> [Information supplied]
┄┄┄┄┄┄┄┄┄┄┄┄┄┄┄┄┄┄┄┄
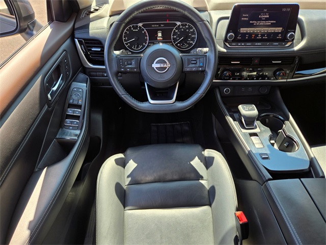 Priced below KBB Fair Purchase Price!29/36 City/Highway MPGGun Metallic 2022 Nissan Rogue SL FWD CVT with Xtronic 1.5L I3 Turbocharged DOHC 12V LEV3-ULEV50 201hpIf you don't drive here, you can't save here!Price may not include recon fee. 19" Aluminum Alloy Wheels, 4-Wheel Disc Brakes, 5.604 Axle Ratio, 6 Speakers, ABS brakes, Air Conditioning, Alloy wheels, AM/FM Radio, AM/FM radio: SiriusXM, Auto High-beam Headlights, Auto-dimming Rear-View mirror, Automatic temperature control, Black Splash Guards (Set of 4), Bose Premium Audio System, Brake assist, Bumpers: body-color, Chrome Rear Bumper Protector, Delay-off headlights, Driver door bin, Driver vanity mirror, Dual front impact airbags, Dual front side impact airbags, Electronic Stability Control, Emergency communication system: NissanConnect Services, First Aid Kit, Floor Mats w/2-Piece Cargo Area Protector, Four wheel independent suspension, Front anti-roll bar, Front Bucket Seats, Front Center Armrest, Front dual zone A/C, Front fog lights, Front reading lights, Fully automatic headlights, Heated door mirrors, Heated Front Bucket Seats, Heated front seats, Heated steering wheel, Illuminated entry, Knee airbag, Leather-Appointed Seat Trim, Low tire pressure warning, Memory seat, NissanConnect featuring Apple CarPlay and Android Auto, Occupant sensing airbag, Outside temperature display, Overhead airbag, Overhead console, Panic alarm, Passenger door bin, Passenger vanity mirror, Power door mirrors, Power driver seat, Power Liftgate, Power moonroof, Power passenger seat, Power steering, Power windows, Radio data system, Rear air conditioning, Rear anti-roll bar, Rear Parking Sensors, Rear reading lights, Rear seat center armrest, Rear side impact airbag, Rear window defroster, Rear window wiper, Remote keyless entry, Roof rack: rails only, Security system, Speed control, Speed-Sensitive Wipers, Split folding rear seat, Spoiler, Steering wheel mounted audio controls, Tachometer, Telescoping steering wheel, Tilt steering wheel, Traction control, Trip computer, Turn signal indicator mirrors, and Variably intermittent wipers.
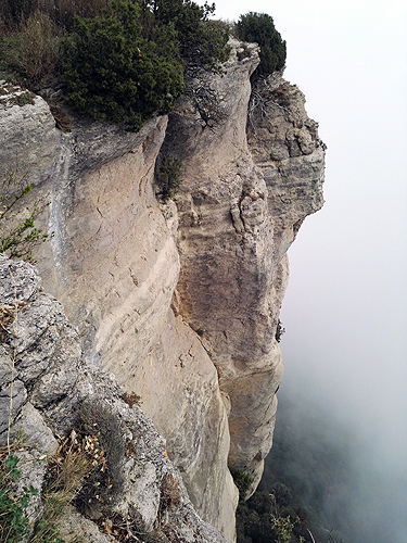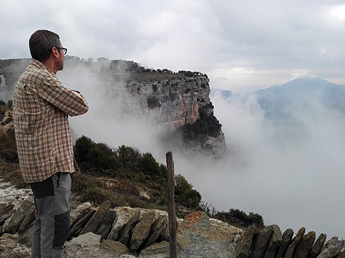 Mirador del Silenci: ample sortint amb vistes sobre Sau, Rupit-Pruit i Sant Joan de Fàbregues. Tornem per la vora del penyasegat, comença a sortir el sol i es comença a esvair la boira.
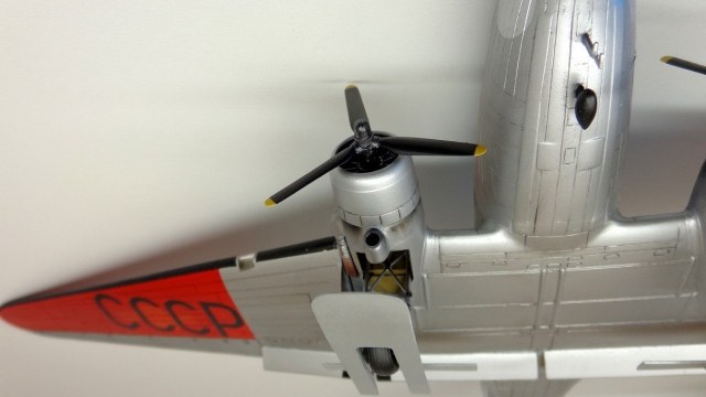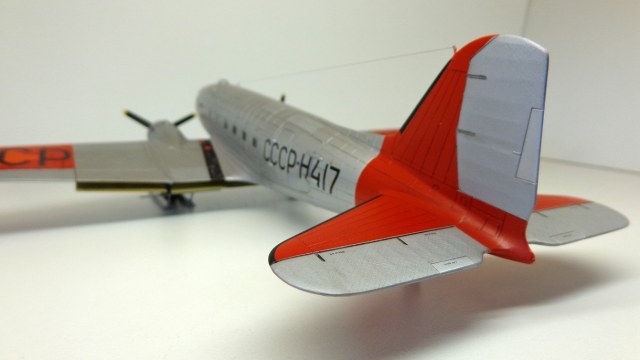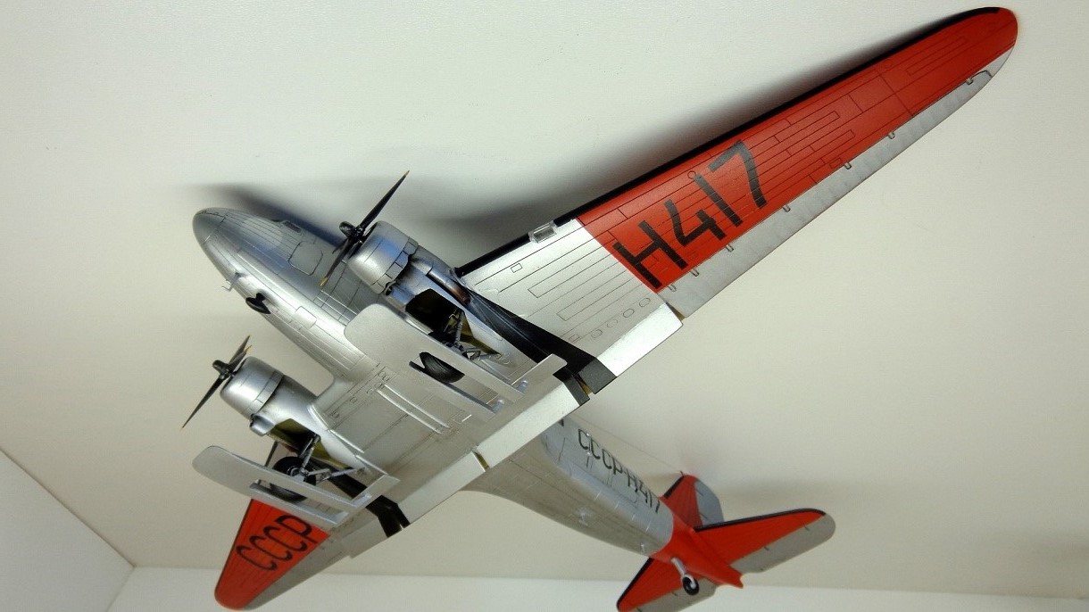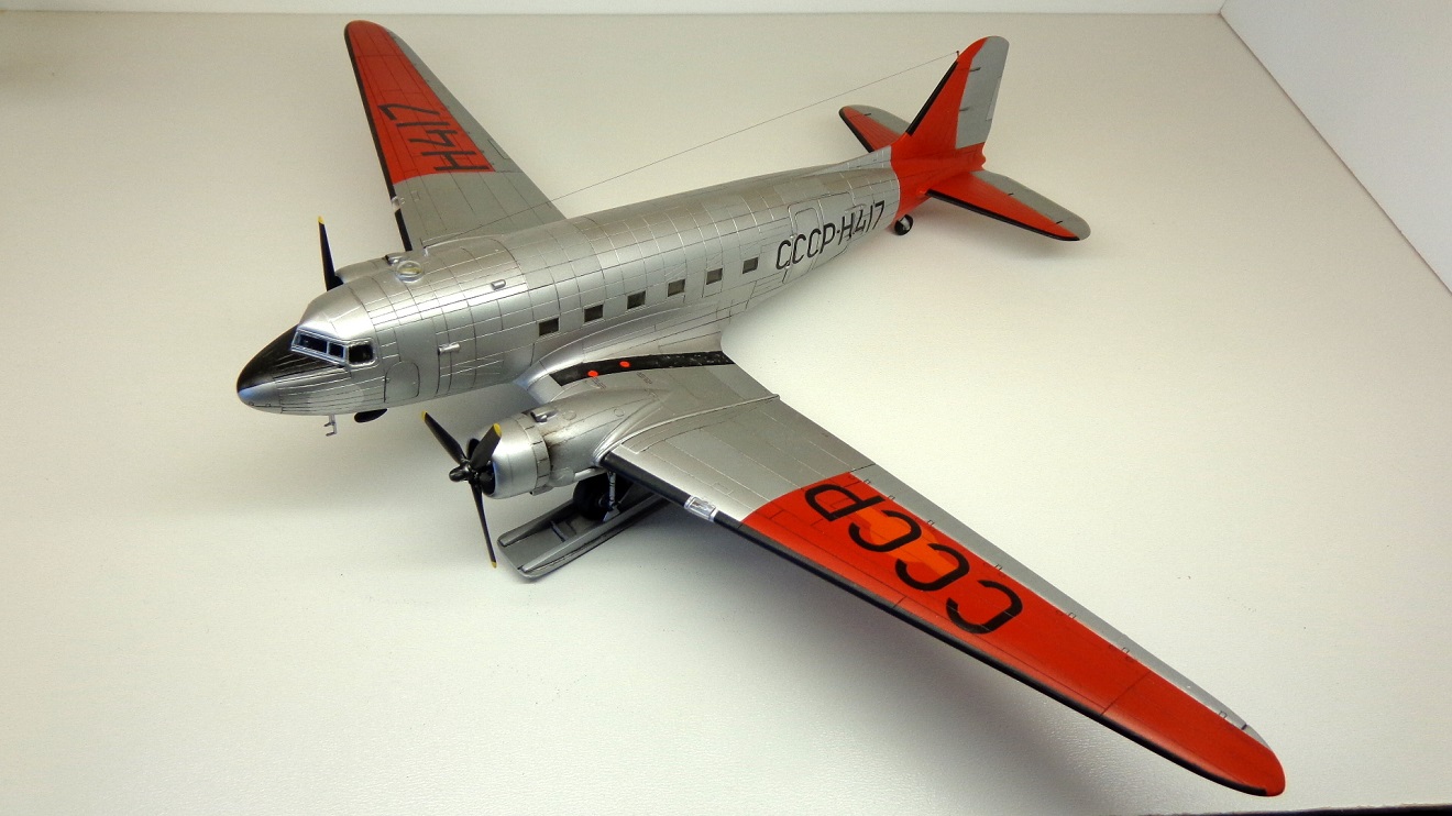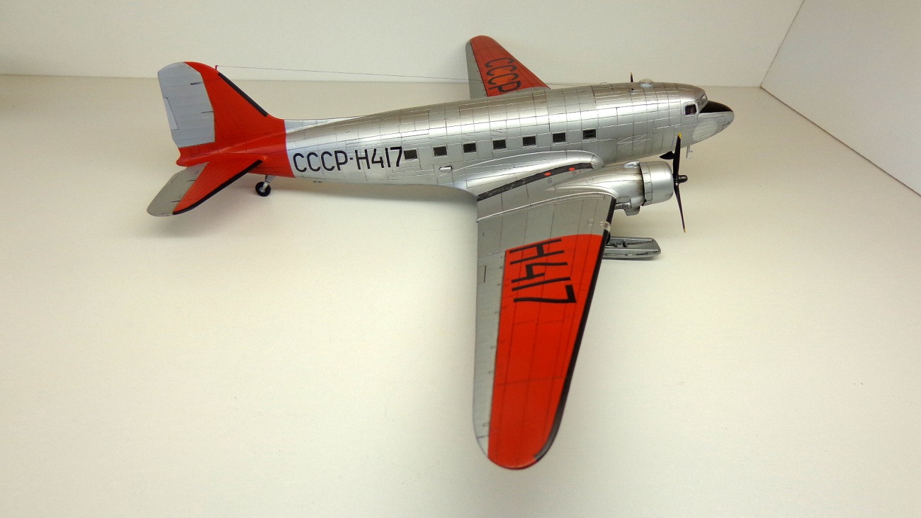 По модели - обычная для меня "изкаропка". Только, ещё увидев на фото прототипа некоторые антенки, воздухозаборники (по видимому имеющиеся только на R4D-5) тоже их добавил. Ну и конечно, самая приметная деталь - оригинальные лыжи, которые пришлось изготовить самостоятельно. Окрашено Тамией, эмалями. Вообще модель (ех-ЕSCI) легка в сборке, не доставила проблем. Хочу посоветовать её и тем, кто хочет собрать не только С-47, сам я планирую сделать ещё и ПС-84.
┄┄┄┄┄┄┄┄┄┄┄┄┄┄┄┄┄┄┄┄
> [What is being asked] Whenever you reach a picture, pass over it; print all the other material exactly.

> [Solution for this problem]
 Priced below KBB Fair Purchase Price!29/36 City/Highway MPGGun Metallic 2022 Nissan Rogue SL FWD CVT with Xtronic 1.5L I3 Turbocharged DOHC 12V LEV3-ULEV50 201hpIf you don't drive here, you can't save here!Price may not include recon fee. 19" Aluminum Alloy Wheels, 4-Wheel Disc Brakes, 5.604 Axle Ratio, 6 Speakers, ABS brakes, Air Conditioning, Alloy wheels, AM/FM Radio, AM/FM radio: SiriusXM, Auto High-beam Headlights, Auto-dimming Rear-View mirror, Automatic temperature control, Black Splash Guards (Set of 4), Bose Premium Audio System, Brake assist, Bumpers: body-color, Chrome Rear Bumper Protector, Delay-off headlights, Driver door bin, Driver vanity mirror, Dual front impact airbags, Dual front side impact airbags, Electronic Stability Control, Emergency communication system: NissanConnect Services, First Aid Kit, Floor Mats w/2-Piece Cargo Area Protector, Four wheel independent suspension, Front anti-roll bar, Front Bucket Seats, Front Center Armrest, Front dual zone A/C, Front fog lights, Front reading lights, Fully automatic headlights, Heated door mirrors, Heated Front Bucket Seats, Heated front seats, Heated steering wheel, Illuminated entry, Knee airbag, Leather-Appointed Seat Trim, Low tire pressure warning, Memory seat, NissanConnect featuring Apple CarPlay and Android Auto, Occupant sensing airbag, Outside temperature display, Overhead airbag, Overhead console, Panic alarm, Passenger door bin, Passenger vanity mirror, Power door mirrors, Power driver seat, Power Liftgate, Power moonroof, Power passenger seat, Power steering, Power windows, Radio data system, Rear air conditioning, Rear anti-roll bar, Rear Parking Sensors, Rear reading lights, Rear seat center armrest, Rear side impact airbag, Rear window defroster, Rear window wiper, Remote keyless entry, Roof rack: rails only, Security system, Speed control, Speed-Sensitive Wipers, Split folding rear seat, Spoiler, Steering wheel mounted audio controls, Tachometer, Telescoping steering wheel, Tilt steering wheel, Traction control, Trip computer, Turn signal indicator mirrors, and Variably intermittent wipers.
 Mirador del Silenci: ample sortint amb vistes sobre Sau, Rupit-Pruit i Sant Joan de Fàbregues. Tornem per la vora del penyasegat, comença a sortir el sol i es comença a esvair la boira.
 По модели - обычная для меня "изкаропка". Только, ещё увидев на фото прототипа некоторые антенки, воздухозаборники (по видимому имеющиеся только на R4D-5) тоже их добавил. Ну и конечно, самая приметная деталь - оригинальные лыжи, которые пришлось изготовить самостоятельно. Окрашено Тамией, эмалями. Вообще модель (ех-ЕSCI) легка в сборке, не доставила проблем. Хочу посоветовать её и тем, кто хочет собрать не только С-47, сам я планирую сделать ещё и ПС-84.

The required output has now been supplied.